Khamenei responded last week, Iranian officials said. His letter to Trump was passed through representatives in Oman, which has served as a venue for secret U.S.-Iran talks in previous administrations.
Addressing a meeting of his cabinet Sunday, Iranian President Masoud Pezeshkian said that Iran’s letter rejected direct talks but was open to negotiations with the U.S. through a third party. “As the Islamic Republic had never blocked the paths of indirect negotiations before, this letter has also mentioned that the road to indirect negotiation is left open and has emphasized that Iran has never avoided negotiations,” he said, according to Iranian media reports.
As do U.S. officials, top Iranian officials often differ in tone and content when discussing foreign and military policy. In contrast to Pezeshkian’s diplomatic remarks, Brig. Gen.

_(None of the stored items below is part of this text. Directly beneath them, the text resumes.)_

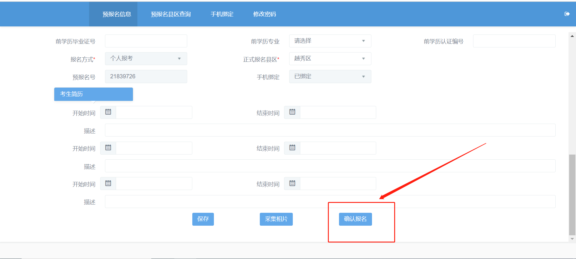 当审核通过后,在系统找到“确认报名”按钮,并点击即可。请记住系统弹出来的考生号。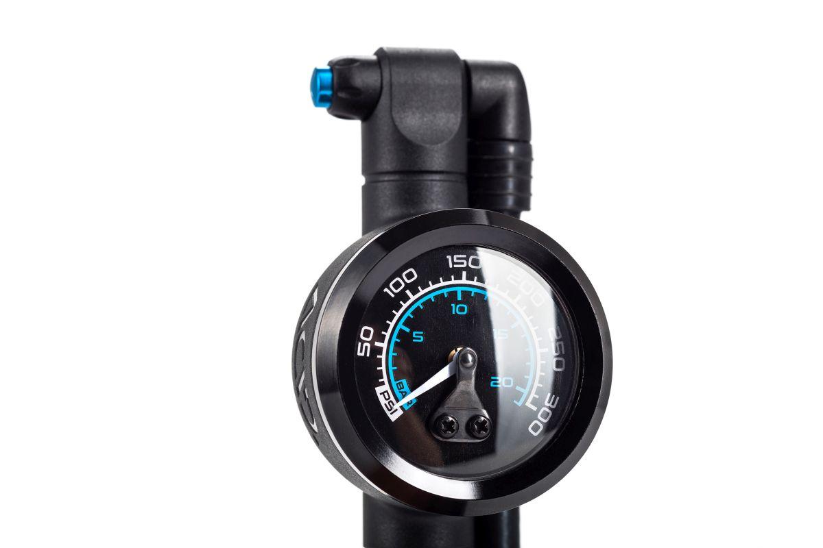 Dämpferpumpe mit 2-stufigem Schrader-Ventilkopf für sicheres Abschrauben ohne Luftverlust. Dank NF Ergonomics Griff liegt die Pumpe perfekt in der Hand und ermöglicht mit dem Präzisionsmanometer und Luftablass-Ventil eine perfekte Fahrwerkseinstellung.
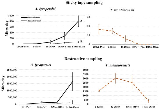 Densities of TRM and T. montdorensis (mite-days) per four leaves in the experiment with cages, autumn 2018. Counts were made using sticky tape or destructively by washing four leaves; the density of the collected mites was measured using a stereomicroscope (25×). Significant differences between treatments are indicated by capital letters (p < 0.05).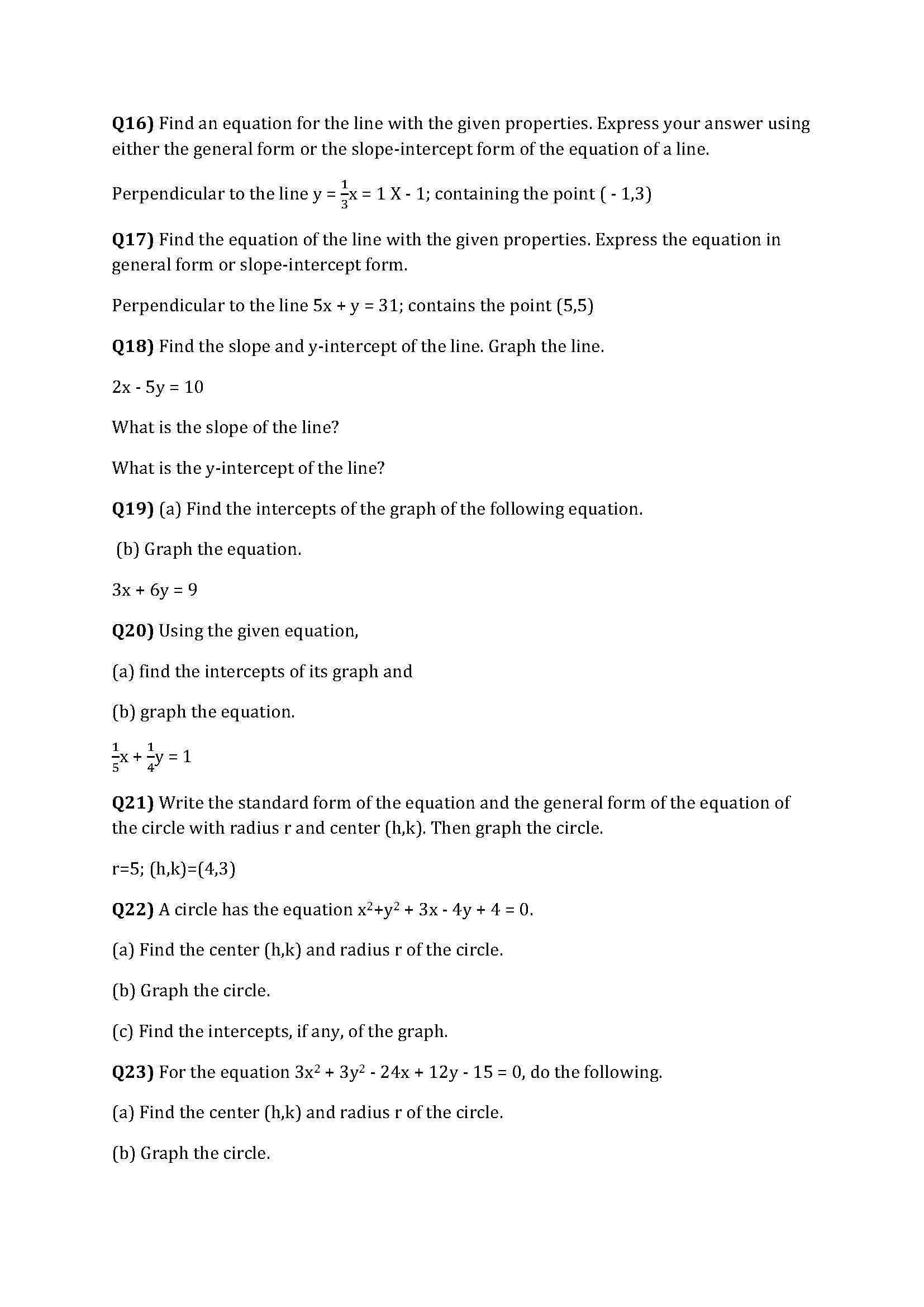 Q16) Find an equation for the line with the given properties. Expre...

Amir Ali Hajizadeh, commander of the Aerospace Division of the Islamic Revolutionary Guard Corps on Monday threatened attacks on U.S. military installations in the region.
“The Americans have 10 bases in the region, particularly around Iran,” he said, referring apparently to air and naval bases on the Arabian Peninsula as well as forces in Iraq, Jordan and Syria. “This means they are sitting in a glass house, and when one sits in a glass house, one does not throw stones at others.”

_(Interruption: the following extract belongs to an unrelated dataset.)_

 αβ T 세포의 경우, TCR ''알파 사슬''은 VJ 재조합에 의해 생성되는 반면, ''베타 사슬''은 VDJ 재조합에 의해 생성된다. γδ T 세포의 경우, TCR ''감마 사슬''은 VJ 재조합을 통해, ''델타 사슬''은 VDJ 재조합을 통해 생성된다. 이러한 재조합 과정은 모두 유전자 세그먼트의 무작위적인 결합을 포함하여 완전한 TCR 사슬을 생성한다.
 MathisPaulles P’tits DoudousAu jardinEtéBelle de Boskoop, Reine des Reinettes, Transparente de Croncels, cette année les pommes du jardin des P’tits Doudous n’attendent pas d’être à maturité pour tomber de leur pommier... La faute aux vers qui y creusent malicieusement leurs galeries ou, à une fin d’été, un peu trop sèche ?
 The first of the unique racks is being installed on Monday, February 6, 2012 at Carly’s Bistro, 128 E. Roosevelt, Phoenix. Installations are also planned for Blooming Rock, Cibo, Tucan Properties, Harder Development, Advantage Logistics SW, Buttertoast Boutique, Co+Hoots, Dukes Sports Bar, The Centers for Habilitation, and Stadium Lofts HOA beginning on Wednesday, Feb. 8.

For his part, Khamenei warned Monday that any move against Iran would bring a “crushing and decisive blow.”
While Trump has offered both the carrot of talks and the stick of U.S. bombing, other members of his national security team have leaned toward one side or the other. Speaking last month to radio host Hugh Hewitt, Secretary of State Marco Rubio said Trump was not only prepared to take military action if Iran does not comply with his demands, but also to “go further, perhaps even threaten the regime.”

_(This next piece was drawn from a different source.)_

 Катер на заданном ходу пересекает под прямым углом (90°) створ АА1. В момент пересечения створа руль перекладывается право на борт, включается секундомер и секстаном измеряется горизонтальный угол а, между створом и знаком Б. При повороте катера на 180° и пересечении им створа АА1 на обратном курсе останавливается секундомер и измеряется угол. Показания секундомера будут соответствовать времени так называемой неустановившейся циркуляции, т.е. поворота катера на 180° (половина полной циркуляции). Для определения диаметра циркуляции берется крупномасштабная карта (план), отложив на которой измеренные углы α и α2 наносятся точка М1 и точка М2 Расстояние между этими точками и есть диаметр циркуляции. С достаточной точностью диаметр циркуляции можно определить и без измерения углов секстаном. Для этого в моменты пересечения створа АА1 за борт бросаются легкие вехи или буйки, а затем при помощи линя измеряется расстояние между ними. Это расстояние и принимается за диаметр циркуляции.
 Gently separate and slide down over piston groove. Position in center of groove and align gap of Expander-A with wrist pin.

His fellow Iran hawk Michael Waltz, the president’s national security adviser, told CBS’s “Face the Nation” last month that Iran must agree to “full dismantlement” of its uranium enrichment and other weapons programs.
“This isn’t some kind of, you know, kind of tit-for-tat that we had under the Obama administration or Biden,” Waltz said. “This is the full program. Give it up or there will be consequences.”
But Director of National Intelligence Tulsi Gabbard, while citing Iran’s support for proxies in the region and stockpiling of highly enriched uranium, reconfirmed in Senate testimony last week that the U.S. intelligence community “continues to assess that Iran is not building a nuclear weapon and … Khamenei has not authorized the nuclear weapons program that he suspended in 2003.”
Witkoff, Trump’s point man in difficult negotiations between Israel and Hamas, and Ukraine and Russia, said the president wants to treat Iran with “respect.” Expressing optimism that a peaceful resolution was possible, he told Carlson, “I’m certainly hopeful for it.”
Missy Ryan contributed to this report.